→ **What is being asked**: Write the listing out again exactly as it stands, with no images.

→ **Given material**:

▽

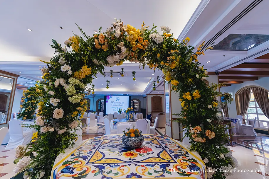 The next day began with a casual brunch that saw fun games and merriment accompanied by delicious foods and mimosas. The event saw bright décor of yellow and blue inspired by the Amalfi coast of Italy, and included traditional motifs and an abundance of citrus fruits.
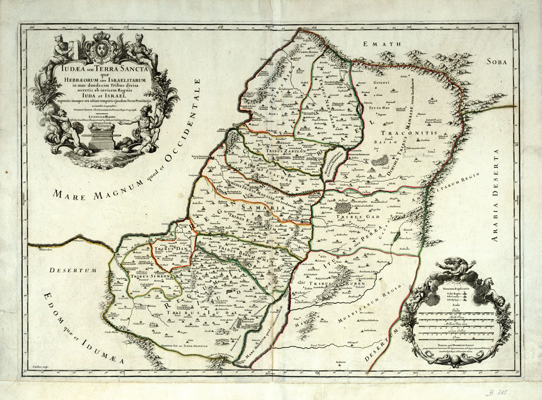 "Quae Hebraeorum sive Israelitarum in suas duodecim Tribus divisa secretis ab invicem Regnis Iuda et Israel espressis insuper sex ultimi temporis ejusden Terrae Procincijs. Ex Conatibus Geographicis Guglielmi Sanson, Cristianissimi Galliarum Regis Geographi Ludovico Magno Offerebat humillimus, obsequentissim. ° ac fidelissim à subditus, et servus A. Hubertus Iaillot Regis Cristianissimi Geographus Ordinari. Parisiis, apud Hubertum Jaillot, ecc., 1709 Cordier, sculp. E' incisa su rame in un solo foglio. Contiene: i luoghi abitati, divisi in Urbs Regia, Urbs Levitica, Urbs Refugij. Sono tracciate 5 scale grafiche. l'orografia è segnata a volo d'uccello. nella "Tribus Gad", sulla sinistra del Giordano, è delineata la foresta denominata: "Saltus Ephraim" ad oriente del "Mar Cenereth" è altra foresta detta: "Quercus Basan"."
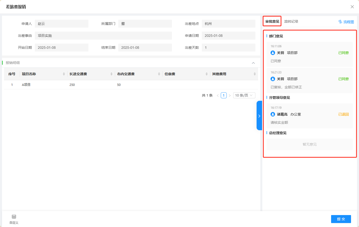 有些业务在流程审批时会按照业务将流程审批意见进行分组展示,突出关键环节的审批意见,便于审批人员查看。
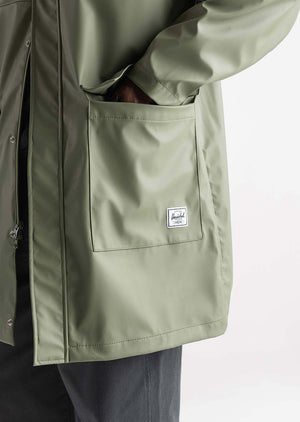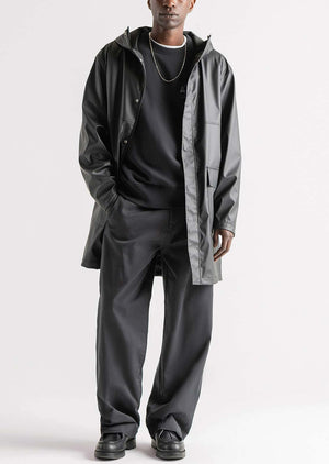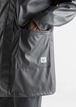 Stay outside longer. The Long Rain Jacket is made with a waterproof stretch fabric and a three piece hood for exploring in any weather.

△

→ **Expected answer**:
 The next day began with a casual brunch that saw fun games and merriment accompanied by delicious foods and mimosas. The event saw bright décor of yellow and blue inspired by the Amalfi coast of Italy, and included traditional motifs and an abundance of citrus fruits.
 "Quae Hebraeorum sive Israelitarum in suas duodecim Tribus divisa secretis ab invicem Regnis Iuda et Israel espressis insuper sex ultimi temporis ejusden Terrae Procincijs. Ex Conatibus Geographicis Guglielmi Sanson, Cristianissimi Galliarum Regis Geographi Ludovico Magno Offerebat humillimus, obsequentissim. ° ac fidelissim à subditus, et servus A. Hubertus Iaillot Regis Cristianissimi Geographus Ordinari. Parisiis, apud Hubertum Jaillot, ecc., 1709 Cordier, sculp. E' incisa su rame in un solo foglio. Contiene: i luoghi abitati, divisi in Urbs Regia, Urbs Levitica, Urbs Refugij. Sono tracciate 5 scale grafiche. l'orografia è segnata a volo d'uccello. nella "Tribus Gad", sulla sinistra del Giordano, è delineata la foresta denominata: "Saltus Ephraim" ad oriente del "Mar Cenereth" è altra foresta detta: "Quercus Basan"."
 有些业务在流程审批时会按照业务将流程审批意见进行分组展示,突出关键环节的审批意见,便于审批人员查看。
 Stay outside longer. The Long Rain Jacket is made with a waterproof stretch fabric and a three piece hood for exploring in any weather.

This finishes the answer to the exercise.